What, for you, are the benefits of attending a conference like Liquidity Risk Management 2019 and what can attendees expect to learn from your session?
There are some clear benefits in attending conferences such as LRM. It provides an opportunity for exchange of ideas, learn from domain specialists and participants, on how they address some of their challenges, and get more conversant with the developments impacting the industry besides the obvious benefits of networking.
In your opinion, what are the main challenges institutions could face in the implementation of NSFR?
The main challenge will arise in terms of margin pressure arising from increased cost of term funding to meet the NSFR requirements. From an implementation standpoint, Banks need think about their Funds Transfer Pricing approach to differentiate assets that are NSFR intensive by charging for the cost of maintaining NSFR. Similarly, rewarding liabilities that are NSFR friendly would be necessary to differentiate and encourage the appropriate business behaviour.
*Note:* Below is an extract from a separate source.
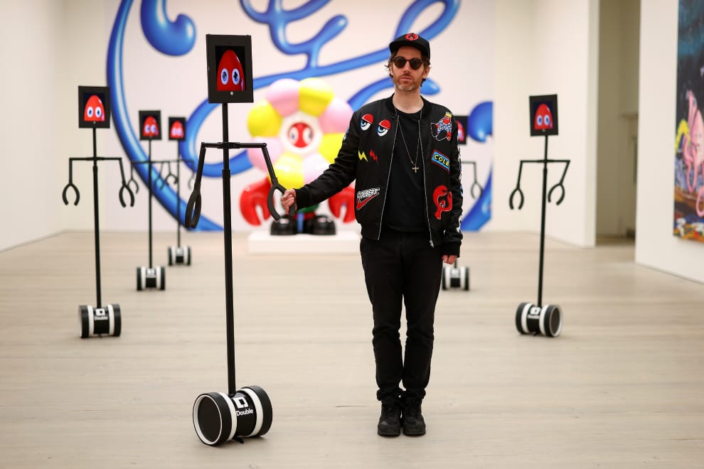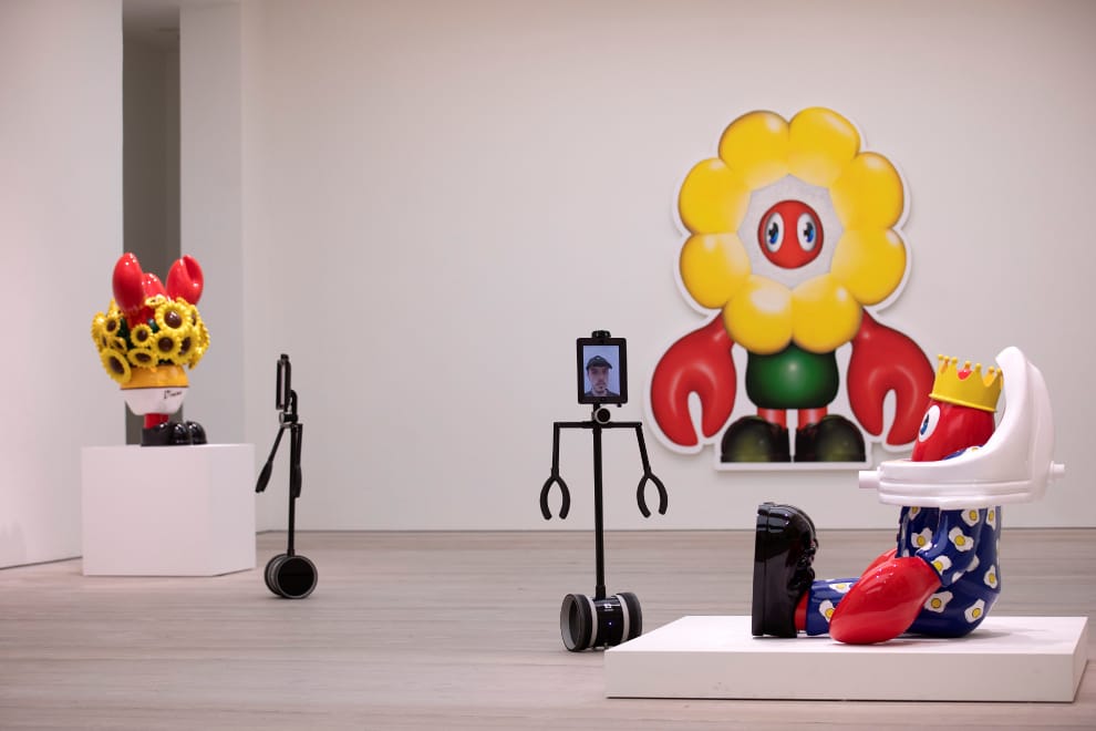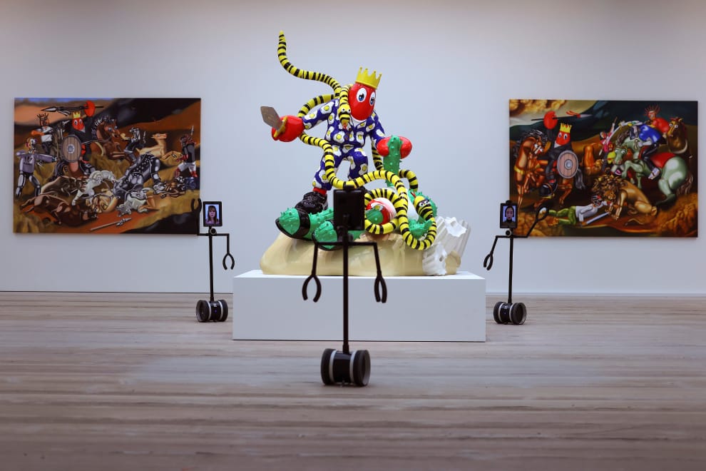 上周四(29),英國普普藝術家考爾伯特(Philip Colbert)的藝術作品在倫敦薩奇畫廊(Saatchi gallery)展出,除了一些看展的民眾以外,還可以看到配有鏡頭、平板、遙控輪子的遠端機器人。

From a reporting perspective, Banks could face similar data challenges to the ones faced for LCR monitoring and reporting, though the reporting frequency is dis-similar.
Without giving too much away, how do you think NSFR could impact business models?
Business models that are heavily wholesale funded could find their cost of funding to rise. Banks with a strong cash management proposition and/or retail franchise would benefit.
In your opinion, what considerations should be made when looking at NSFR and the interaction with other regulations?
While LCR ensures adequacy of short-term liquidity, NSFR is about maintaining structural funding. A big drawback in the NSFR as it is currently formulated is that it does not address the liquidity risks arising from mismatch beyond one year.
What advice could you give to financial professionals looking to managing the cost of NSFR and optimise funding?
The first step in managing the cost of NSFR is to engage with the business to explain the impact of their products on NSFR and the associated costs/benefits. The Funds Transfer Pricing approach should be calibrated to reflect the characteristics of the various products to drive appropriate business behaviour.
How do you see the liquidity risk landscape evolving over the next 6-12 months?
Meeting new liquidity monitoring and reporting requirements with the increasing level of granularity and the requirements for cash flow mismatch reporting will take significant attention over the coming months.
Liquidity risk management is becoming increasingly complex with the interplay of various liquidity metrics. Scenario modelling, Dynamic Balance Sheet Management, Intraday liquidity, focus on forward looking metrics and regular Stress testing will become quintessential over the coming 6-12 months.